Monday, January 02, 2017

Why Context Matters in Trading

Saarinen realized that the effectiveness of a design hinges not just on its individual attributes, but also on the context in which it appears.  We are drawn to many of Frank Lloyd Wright's structures, such as Fallingwater, because they harmonize with their natural environments.  Similarly, we furnish quite differently a home in a modernist design and one that is an American colonial.  

Context matters in terms of behavior as well.  How we behave at a funeral will be different than at a party.  How we speak with a child differs from our speech with a group of adults.  The same words can be interpreted differently depending upon the situation: texts derive meaning within contexts.

This is an important market lesson as well.  Some traders look for "setups", patterns that give them a probabilistic edge in trading, across a variety of market conditions.  As Ivaylo Ivanov points out in his recent book, this is a major mistake.  The patterns that set up in a bull market will be different from those in range conditions.  What makes his text interesting is not just the 10 setup patterns that he illustrates, but the understanding of when each of those is relevant.

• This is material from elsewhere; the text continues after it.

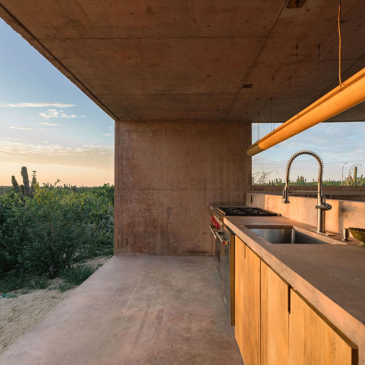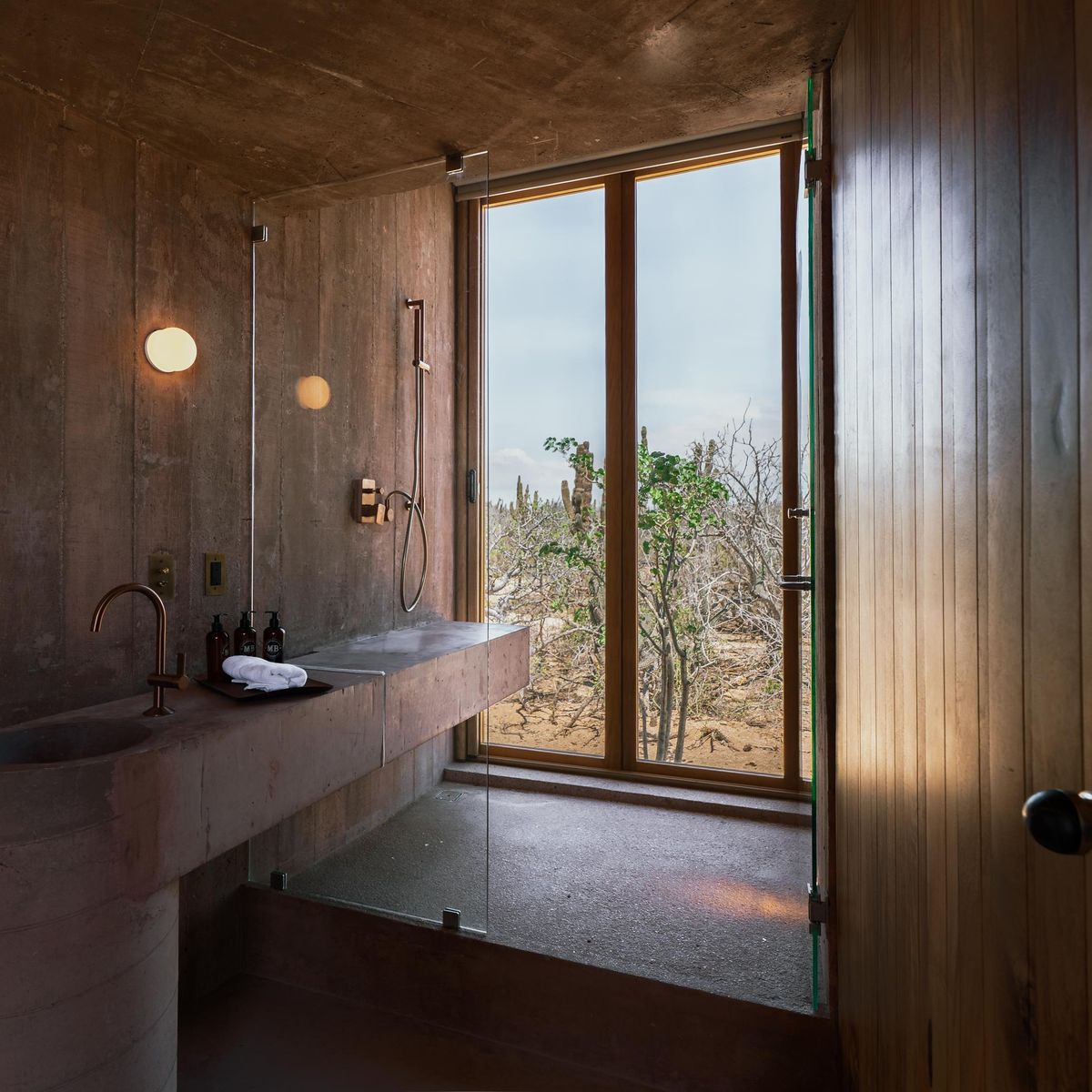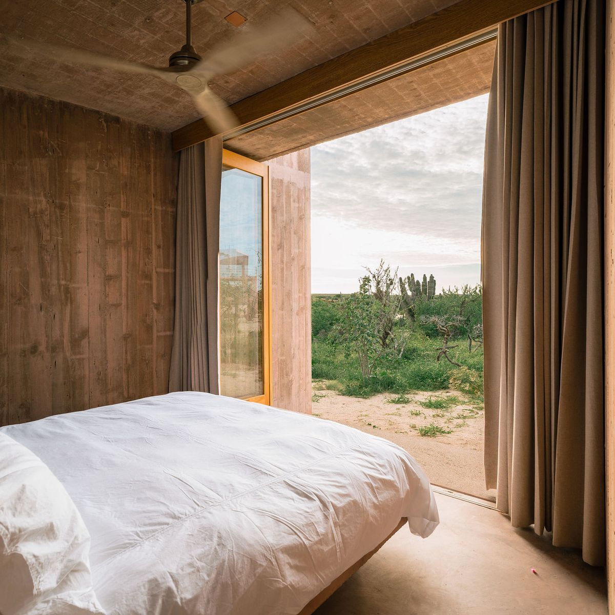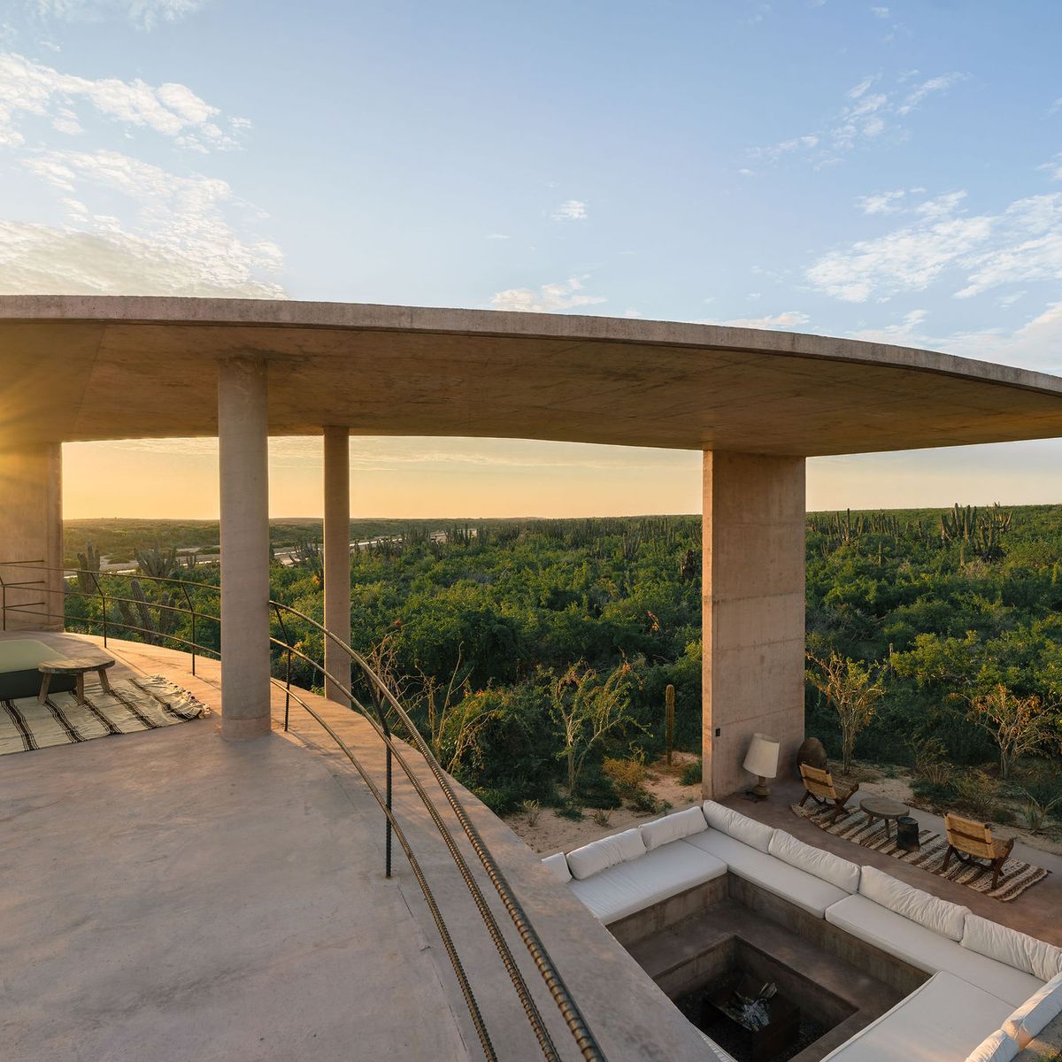 Rising from the desert landscape just north of Todos Santos, Nereidas is a brutalist statement piece softened by Baja’s wild beauty. Concrete walls, clean lines, and expansive windows frame endless views of the ocean and desert, creating a space that feels both sculptural and deeply livable.

Suppose the market opens with a flurry of buying activity, followed by some selling.  We could look at that in isolation and use the pullback to join the upside.  If, however, we step back and see that the market is unable to surmount its previous day's high even with the early buying, we would likely interpret the situation quite differently and perhaps take the opposite trade for a return into yesterday's range.  

Similarly, a breakout from a range that occurs with elevated volume early in the trading day is often interpreted quite differently from a breakout during midday hours.  Early in the day, we have the most liquid market conditions and the greatest activity from large market participants.  Ideally, we want their activity at our back, not in our face.  For the day trader, time of day is an important element of context.

At a broader level, suppose we notice a wide array of risk assets moving higher, including U.S. stocks, overseas shares, oil, high yield bonds, and emerging market currencies.  The macro participant views such "risk-on" behavior as part of a single trade related to global growth and will view the situation quite differently from one in which one of those assets moves higher in isolation.  

Many poor trades result from becoming so narrowly focused on the price action of what we're looking to trade that we fail to step back and appreciate the context in which the action is occurring.  That's like jumping into a conversation wanting to speak what's on your mind without taking into account what's been going on in the conversation to that point.  When we place texts in context, we achieve understanding.  The best trades set up when a smaller picture lines up with a larger one.